We were all so excited about “The Night Owl” getting so many nominations, and I thought to myself that we could at least get two awards tonight. And when I won — I think I might be growing up in a way — I felt bad about the younger actors not winning more than being happy about myself getting the award. The others told me that I shouldn’t be feeling bad about this, but I can’t help but feel sorry in a way. And the fact that they were all so genuinely and truly happy for me made it worse.
The director even told me that he felt happier about the fact that I won the Best Actor award rather than himself winning the Best New Director award. But as cliché as it may sound, the only thing that comes into your mind is just how grateful you are.
What about you? How did you feel about the other awards given to your team?
I felt most pleased by the Best Film award. It’s something that reminds you that good work isn’t just created by the power of a director or an actor, but it’s a collective work by everyone, the on-site staff and everyone else involved in the process, and the effort put in along the way.
I thought of everyone that I worked with. We started recruiting everyone — the cameramen, art director, light director and so many others that I knew — one by one. I handed them the script that asked them, “Do you want to do this with me?” A film isn’t something that just one person makes, and good work is the work of everyone involved. It made me realize this once again.
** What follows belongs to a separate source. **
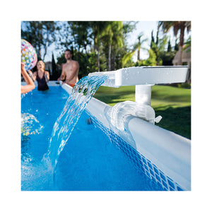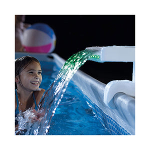 Cascada con luces LED de colores Intex. Medidas: 28x33x29. Para modelos rectangulares y redondos de la línea Metal Frame, Prisma Frame y Ultra Frame. Con brazo ajustable. Funciona conectando la bomba. Diámetro del tubo: 38 mm. Luces LED que cambian de color: rojo, verde y azul. Trabajan con un generador eléctrico. Kit válvula by-pass para regular la presión del agua. Rango de caudal 3596-9274 (950-2450 g/h).

What are your goals as an actor?
I don’t have anything specific, but I would just like to keep on working for a long long time. Maybe that will get me more nominations in the future, right? (Laughs)
Doing this for a long long time can’t be achieved with just me doing a good job. The people working with me have to feel good around me and think, “It feels great working with this guy. I spend more than half the year with him but it still feels good.” People have to say, “I’m in it if he’s going to be in it, too!” That’s the kind of actor I want to be. And I hope that if I keep on walking that path, then I’ll be able to fulfill the needs of fans who want to see more of me.